As such, data masking has been developed to provide desensitized (i.e. “masked”) data for use in non-production environments, so that activities such as software development and testing, employee training, demonstrations, data mining, research, trapping potential data thieves using masked data as a “honey-pot”, etc. can be performed without the risk of exposing privacy-sensitive information. However, as is highlighted below, certain data masking solutions are associated with various significant limitations.
For example, one data masking approach consists of using data generators to generate scrambled characters, such as replacing the name ‘David Smith’ with the sequence ‘kajgt 48hgaso’. This replacement sequence is certainly desensitized, but does not have the same properties as the original name (e.g. it may not have the same character set, capitalized first letter, different length, hyphenated names, etc.).
Another example data masking approach involves the use of finite sets (i.e. pre-determined lists of values that will be used in place of the confidential data).

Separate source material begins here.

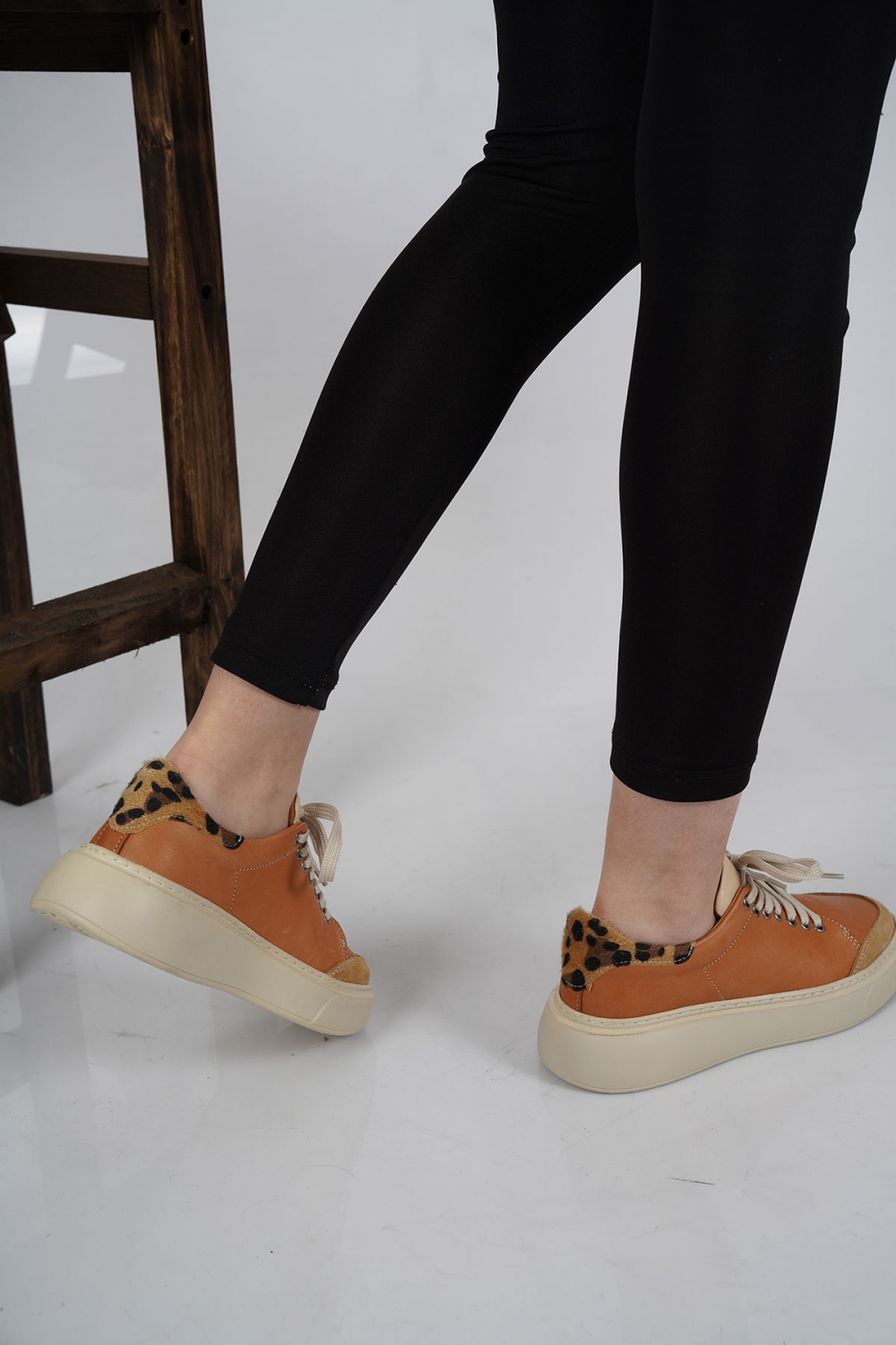 Hakiki Deri Taba-Bej-Taba Benek Kadın Sneaker Ayakkabı 221220104
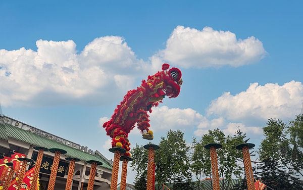 新年开工,在粤港澳各地,商家邀请醒狮队到店门前“采青”是一项重要传统。广州市白云区一家工厂门口的醒狮表演便是缩影,孩子们骑在大人肩上满怀期待,精美的狮头栩栩如生,舞者们随着锣鼓节奏,操控狮子做出各种高难度动作。黄色狮子稳重大气,红色狮子热情奔放,奔跑腾跃间尽显活力。最精彩的“采青”环节,狮子与“青菜”斗智斗勇,表演者腾空咬“青”、吐“青”纳福,将对美好生活的祝愿传递给现场每一个人,也将表演推向高潮。这种现象在广东随处可见。

This approach provides more realistic results than the scrambled character generation approach discussed above, but is certainly more limited in terms of the validity and completeness of the resultant masked database. This approach is also limited in terms of localization (e.g. the customer might have a Spanish name but the finite set only contains English names).
Another example data masking approach is utilized when enterprises attempt to mask data themselves (other than generating or using test sets, as discussed above) whereby they follow a very labor-intensive process of identifying all relevant fields in the original database and manually assigning new values or basic transformations to them. However, this approach comes with extremely high costs to produce and maintain the resultant database.
Accordingly, there is a need to better protect confidential and other privacy-sensitive information as it is stored and used within the enterprise for such non-production purposes as application development, testing, training, demonstrations, research and data mining, while maintaining the structure and form of the protected information.